Poet at heart, IPS officer aims to bring harmony through literature

Police officer Qaiser Khalid, has been organising poetry festivals for the last six years with the intent to bring harmony through literature.

| Mumbai | Published: June 28, 2017 1:47:17 am
Maharashtra news, Poet police officer, Qaiser Khalid, Qaiser Khalid's poetry festivals, Latest news, peace through literature, India news, National news, Qaiser Khalid, Inspector General of Police, in charge of the Protection of Civil Rights Wing has been organising poetry festivals for the last six years. Express

Yeh hai daur-e-hawas lekin aisa bhi kiya, Aadmi kam se kam aadmi to rahe. (Agreed, this is the age of too much desire, greed Nevertheless let us at least value our humanism)

THIS COUPLET by Indian Police Service (IPS) officer Qaiser Khalid always attracts the loudest cheer. And he never fails to recite it at his poetry festivals.

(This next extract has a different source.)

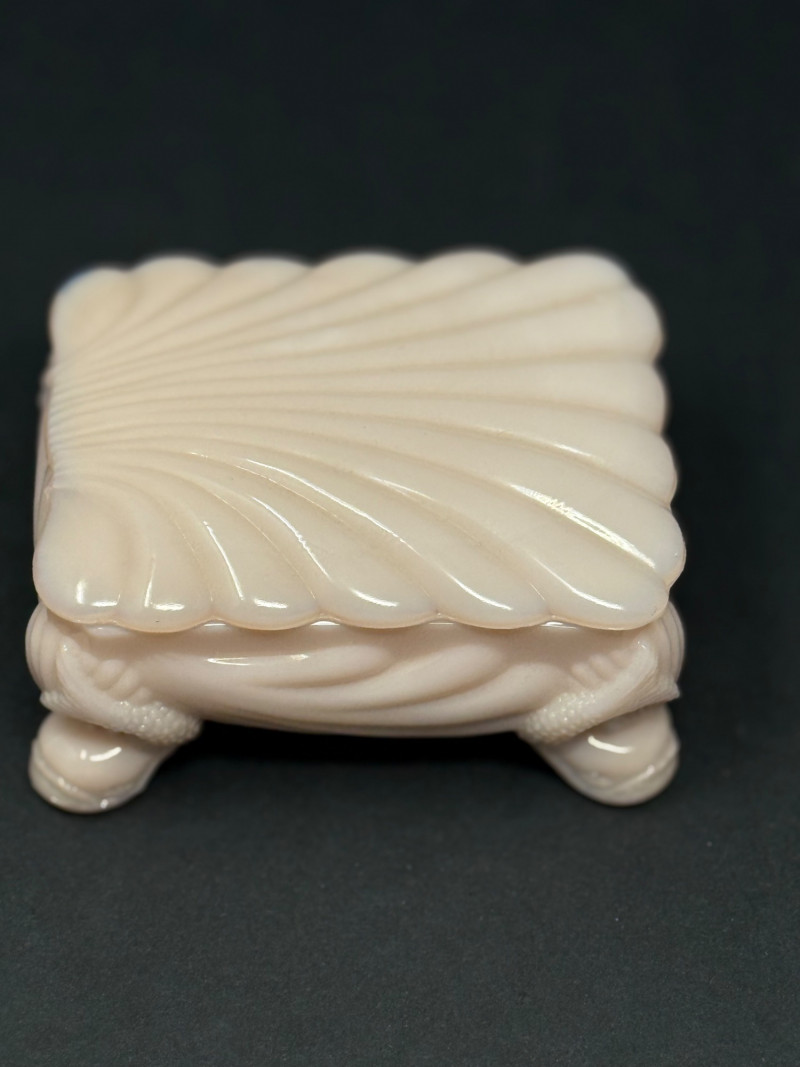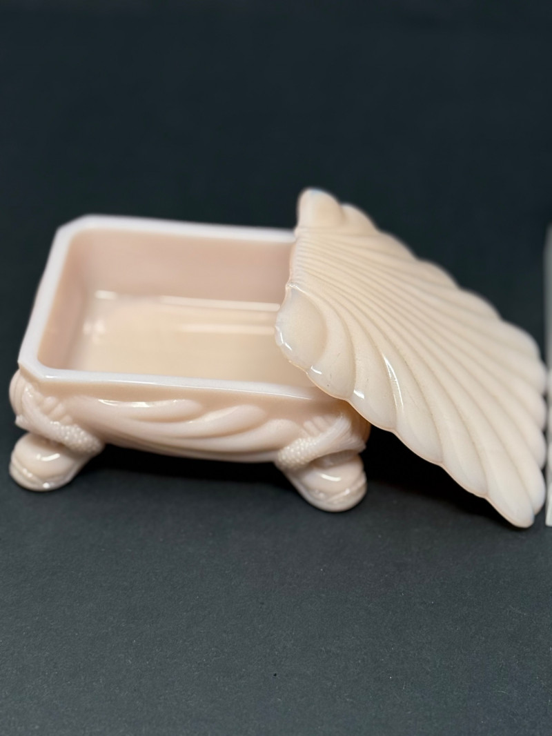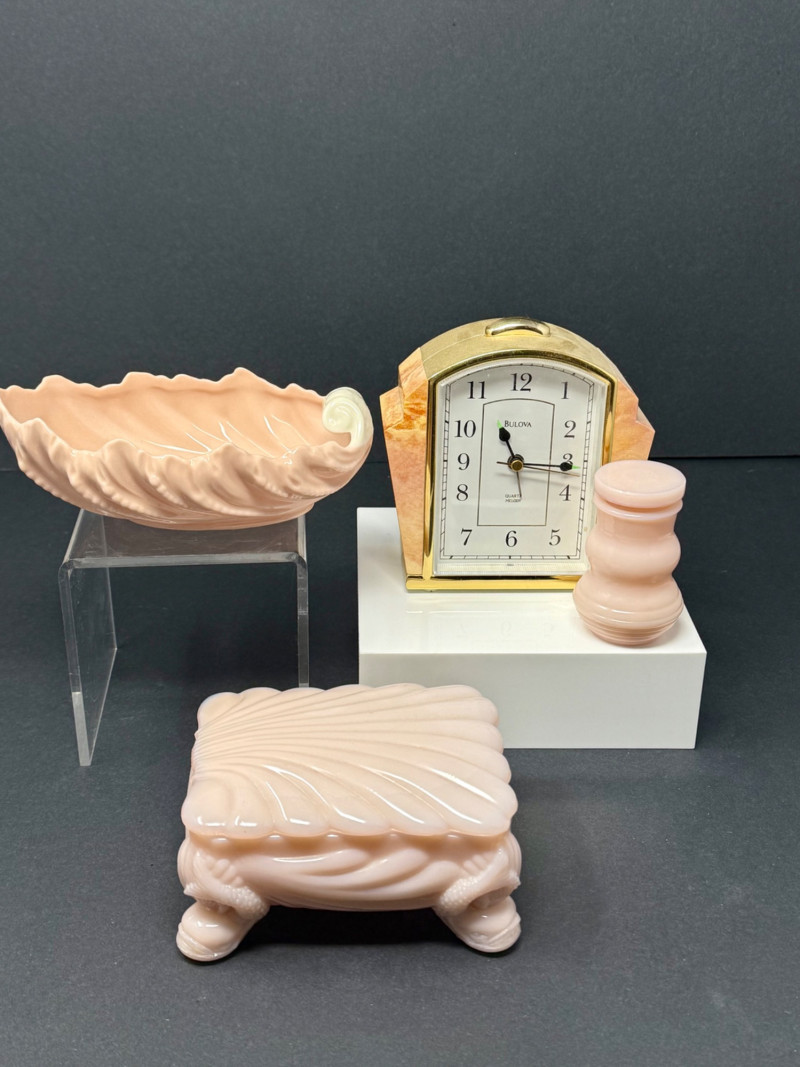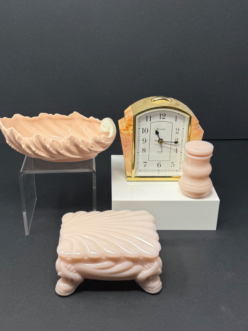 Lot of 4 Vintage Pink Depression Glass & Onyx Decor Pieces – Vanity & Display Set This elegant collection includes four vintage decorative pieces in soft pastel pink tones—perfect for vanity displays, feminine spaces, or Depression glass collectors. A mix of vintage glass and stoneware, this lot brings together creamy textures, shell motifs, and classic charm.

Khalid has been organising these festivals for the last six years with the intent to bring harmony through literature. A poet at heart, Khalid is also the Inspector General with the Maharashtra Police, in charge of its Protection of Civil Rights Wing.

“In policing, we are told to organise mohalla committee meetings so as to strengthen peace and harmony amongst various religious groups. While I feel those are effective, literature is a more potent tool. One can subtly instill the value of nationalism and national integration through literature,” he says. “The famous slogan “Inquilab Zindabad” given by Hasrat Mohani or “Sare jahan se achcha” written by Urdu poet Mohammed Iqbal arouse the spirit of nationalism amongst all of us. People use it every time and it is nothing but pieces of literature,” said the officer who hails from Bihar. “I, therefore, with other like-minded people decided to use the medium of poetry to spread unity.”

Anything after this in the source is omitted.